STATE OF MINNESOTA
IN COURT OF APPEALS
CX-99-326
State of Minnesota,
Respondent,
vs.
Albert
Jones,
Appellant.
Filed November 16, 1999
Affirmed
Klaphake, Judge
Hennepin County District Court
File No. 98-058647
Amy Klobuchar, Hennepin County Attorney, Michael Richardson, Assistant County Attorney, C-2000 Government Ctr., Minneapolis, MN 55487 (for respondent)
John M. Stuart, State Public Defender, Mark F. Anderson, Assistant State Public Defender, 2829 University Ave. S.E., Ste. 600, Minneapolis, MN 55414-3230 (for appellant)
Considered and decided by Halbrooks, Presiding Judge, Klaphake, Judge, and Anderson, Judge.
Albert Jones challenges his conviction for second-degree aggravated robbery, claiming the trial court erred in refusing to instruct the jury on his alibi defense and in ruling that he could be impeached with a prior conviction for second-degree assault. Because the trial court did not abuse its discretion, we affirm.
I. Jury Instruction
As a general matter, Minnesota courts have refused to instruct on particular kinds of evidence, concluding that singling out a category of evidence tends to emphasize it and to "inject argument into the judge's charge." State v. Olson, 482 N.W.2d 212, 215 (Minn. 1992) (citation omitted). While acknowledging a defendant's right to instruction on his theory of the case, the Minnesota Supreme Court has held that it is enough if the substance of the defendant's request is contained in the court's charge. State v. Ruud, 259 N.W.2d 567, 578 (Minn. 1977), cert.denied 435 U.S. 996 (1978).
In this instance, Jones presented an alibi witness who testified that he had spent the day with her. The substance of Jones's requested alibi instruction was included in the trial court's overall instructions. Further, the defense argued alibi in its closing argument. Thus, the trial court did not abuse its discretion by refusing to give a specific instruction on alibi. See State v. Blasus, 445 N.W.2d 535, 542 (Minn. 1989).
The credibility of a witness may be attacked by showing a conviction for either a crime of dishonesty or false statement, or for a conviction, punishable by imprisonment for more than one year, if the probative value outweighs the prejudicial effect. Minn. R. Evid. 609(a)(2). The theory is that the impeaching statements "allow the jury to see `the whole person' and therefore permit the jury to better judge the truth of the defendant's statements." State v. Ford, 381 N.W.2d 30, 33 (Minn. App. 1986) (quoting State v. Broulliette, 286 N.W.2d 702, 707 (Minn. 1979)), review denied (Minn. Mar. 27, 1986).
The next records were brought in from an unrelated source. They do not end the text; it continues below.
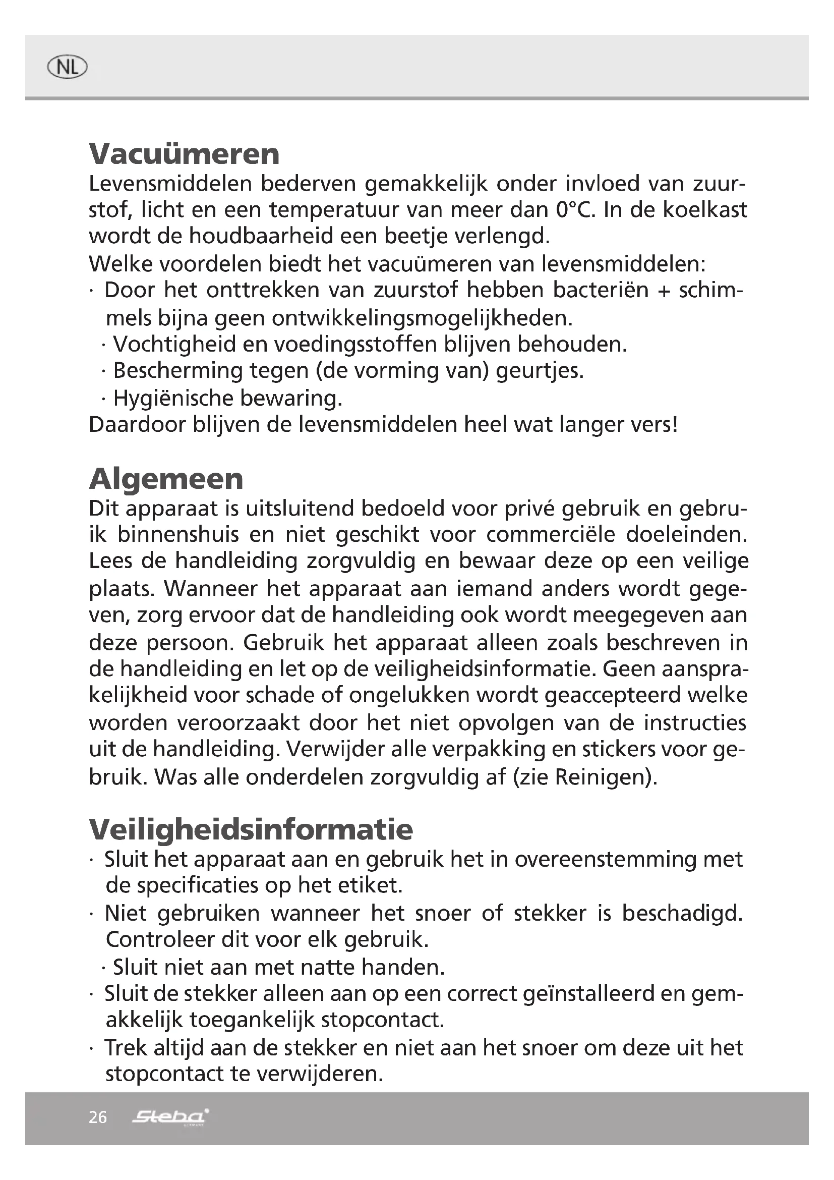 ∙ Faire une pause d‘une minute entre les soudages afin que l‘appareil puisse refroidir. ∙ Si l‘appareil est surchargé, la protection anti-surchauffe éteint l‘appareil. Dans ce cas, débrancher la fiche de contact et laisser refroidir pendant environ 20 minutes.24 ∙ Le scellage sous vide ne remplace pas la surgélation des aliments. Tuyau d’aspirateur et bouchon à vin ∙ Ne remplissez pas un récipient sous vide trop haut avec des aliments liquides. ∙ Mettre le tuyau d’aspiration sur la buse d’aspiration 4). ∙ Placez l’autre extrémité du tuyau sur le récipient à vide. ∙ Appuyez sur le bouton pour mettre en sous vide. L’appareil marche. ∙ L’appareil s’arrête automatiquement. ∙ Bouchon de vin : o Les bouteilles de vin ouvertes peuvent être refermées avec le bouchon de vin en éliminant l’air. o Pour ce faire, appuyez le bouchon de vin sur une bouteille de vin ouverte et scellez sous vide comme décrit ci-dessus. o Le bouchon de vin reste sur la bouteille. o Pour ouvrir à nouveau la bouteille, retirez à nouveau le bouchon de vin. Dépannage Cher client, Merci d’avoir acheté un produit STEBA. Le tableau ci-dessous donne une assistance à des problèmes qui peuvent survenir lors de l’utilisation de l’appareil. Pour beaucoup de problèmes, il y a une solution simple, parce que tout ne soit un dysfonctionne- ment apparaît, doit être sévère. S’il vous plaît passer par la liste ci-dessous avant de contactez le service à la clientèle. Problème Suggestion L’appareil ne marche pas ∙ Électricité est disponible ? ∙ Le couvercle est verrouillé à droit et à gauche ? ∙ Le sac est dans la chambre d’aspiration ? ∙ Le sac couvrit l’aspiration ? Air dans le sac ∙ Un sac inadapté est utilisé ? ∙ Le sac est humide ou sale dans la région de la soudure ? ∙ Est-ce un pli à la soudure ? ∙ Liston de souder est propre ?25 Evacuation correcte de ce produit: Mettre les appareils usagés immédiatement au rebut. Au sein de l‘UE, ce symbole indique que le produit ne doit pas être jeté avec les déchets ménagers. Les anciens appareils contiennent des matériaux de valeur recyclables qui doivent être valorisés afin d‘éviter toute atteinte à l‘environnement ou à la santé humaine due à une élimination incorrecte des déchets. Les anciens appareils doivent par conséquent être mis au rebut via des systèmes de collecte appropriés ou ramenés à cet effet au point de vente où ils ont été achetés. Les appareils seront alors confiés à un centre de recyclage des matériaux. Élimination de l‘emballage Ne pas jeter l‘emballage avec les déchets ménagers, mais avec les déchets recyclables. Jeter les emballages en papier, carton et carton ondulé aux points de collecte de vi- eux papiers. Les composants d‘emballage en plastique et les films doivent également être jetés dans les conteneurs prévus à cet effet. Exemples d‘identification des plastiques : PE pour le polyéthylène, code 02 pour le PEHD, 04 pour le PEBD, PP pour le polypropylène, PS pour le polystyrène. Service après-vente Si, contre toute attente, l‘appareil doit être confié au service après-vente, nous con- tacter aux coordonnées suivantes. En cas de garantie applicable, nous nous charge- ons de l‘enlèvement de l‘appareil. L‘appareil doit être correctement emballé pour le transport. Les paquets non affranchis ne pourront pas être pris en charge ! STEBA Elektrogeräte GmbH & Co KG Pointstr. 2, 96129 Strullendorf / Allemagne tél. service commercial : 09543 / 449-17 / -18, tél. S.A.V. : 09543 / 449-44, fax : 09543 / 449-19 e-mail : elektro@steba.com Internet : http://www.steba.com Attention ! Les appareils électriques doivent être réparés exclusivement par des élec- triciens qualifiés, les réparations non conformes pouvant entraîner des conséquences graves.26 Vacuümeren Levensmiddelen bederven gemakkelijk onder invloed van zuur- stof, licht en een temperatuur van meer dan 0°C. In de koelkast wordt de houdbaarheid een beetje verlengd. Welke voordelen biedt het vacuümeren van levensmiddelen: ∙ Door het onttrekken van zuurstof hebben bacteriën + schim- mels bijna geen ontwikkelingsmogelijkheden. ∙ Vochtigheid en voedingsstoffen blijven behouden. ∙ Bescherming tegen (de vorming van) geurtjes. ∙ Hygiënische bewaring. Daardoor blijven de levensmiddelen heel wat langer vers! Algemeen Dit apparaat is uitsluitend bedoeld voor privé gebruik en gebru- ik binnenshuis en niet geschikt voor commerciële doeleinden. Lees de handleiding zorgvuldig en bewaar deze op een veilige plaats. Wanneer het apparaat aan iemand anders wordt gege- ven, zorg ervoor dat de handleiding ook wordt meegegeven aan deze persoon. Gebruik het apparaat alleen zoals beschreven in de handleiding en let op de veiligheidsinformatie. Geen aanspra- kelijkheid voor schade of ongelukken wordt geaccepteerd welke worden veroorzaakt door het niet opvolgen van de instructies uit de handleiding. Verwijder alle verpakking en stickers voor ge- bruik. Was alle onderdelen zorgvuldig af (zie Reinigen). Veiligheidsinformatie ∙ Sluit het apparaat aan en gebruik het in overeenstemming met de specificaties op het etiket. ∙ Niet gebruiken wanneer het snoer of stekker is beschadigd. Controleer dit voor elk gebruik. ∙ Sluit niet aan met natte handen. ∙ Sluit de stekker alleen aan op een correct geïnstalleerd en gem- akkelijk toegankelijk stopcontact. ∙ Trek altijd aan de stekker en niet aan het snoer om deze uit het stopcontact te verwijderen.27 ∙ Haal de stekker na elk gebruik of in het geval van storing uit het stopcontact ∙ Trek niet aan het snoer. Trek het snoer niet over randen en buig het niet te veel. ∙ Houd het snoer uit de buurt van hete oppervlakken. ∙ Het apparaat kan worden gebruikt door kinderen van 8 jaar en ouder en door personen met beperkte fysieke, sensorische of mentale capaciteiten of gebrek aan ervaring/ kennis, op 
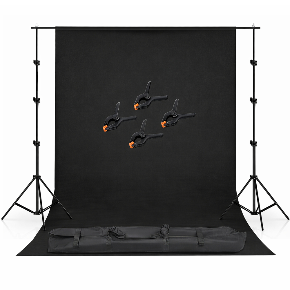 Kitul studio cu suport pentru fundal negru 2.6x3 m este o solutie eficienta pentru fotografie si filmare profesionala. Ideal pentru portrete, fotografie de produs sau continut video, acest sistem ofera un fundal uniform si elegant, potrivit pentru cadre dramatice sau minimaliste.
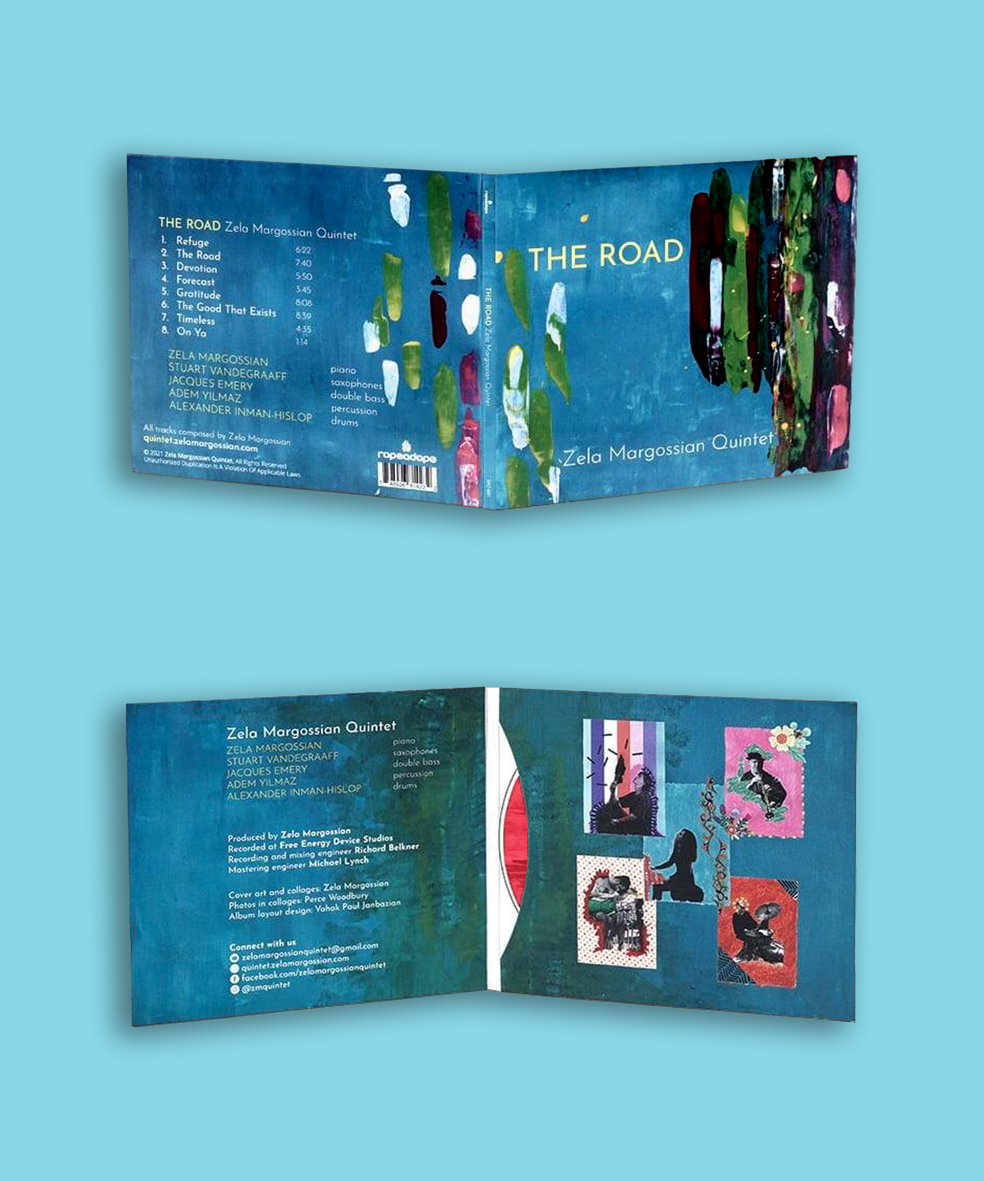 I had the oppportunity to again work with world jazz pianist, Zela Margossian on her sophomore album, The Road. She wanted to go for a more abstract look and feel for this album as opposed to the more photographic design of her previous one. I incorporated her paintings into the design and layout resulting in intense and bright visuals which perfectly compliment her music.
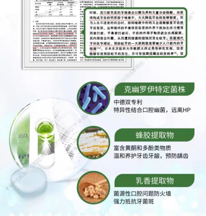 √中国和德国双专利配方,专门对付幽门螺旋杆菌,清新口气效果好
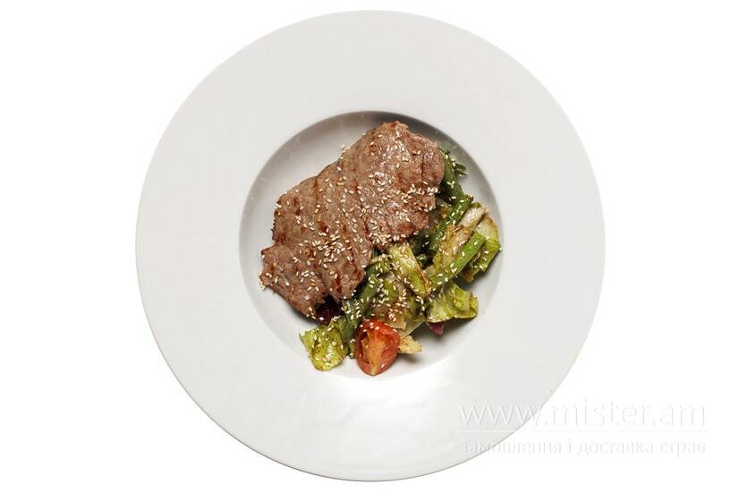 Філе телятини, квасоля стручкова, броколі, помідори чері, огірки, соус горіховий (горіхи грецькі, олія соняшникова, олія оливкова, оцет бальзамічний, сіль), мікс салатів, цибуля зелена, стебло селери, кунжут.

In deciding whether to allow the use of a conviction that is not for dishonesty or false statement, the trial court should weigh the following factors: (1) the impeachment value of the prior conviction; (2) the date of the conviction and defendant's subsequent history; (3) the similarity of the prior conviction to the current offense; (4) the importance of the defendant's testimony; and (5) the centrality of the credibility issue. State v. Jones, 271 N.W.2d 534, 538 (Minn. 1978). No one factor is determinative; rather, the trial court considers all of them to determine if the prejudicial effect outweighs the probative value. Ford, 381 N.W.2d at 33.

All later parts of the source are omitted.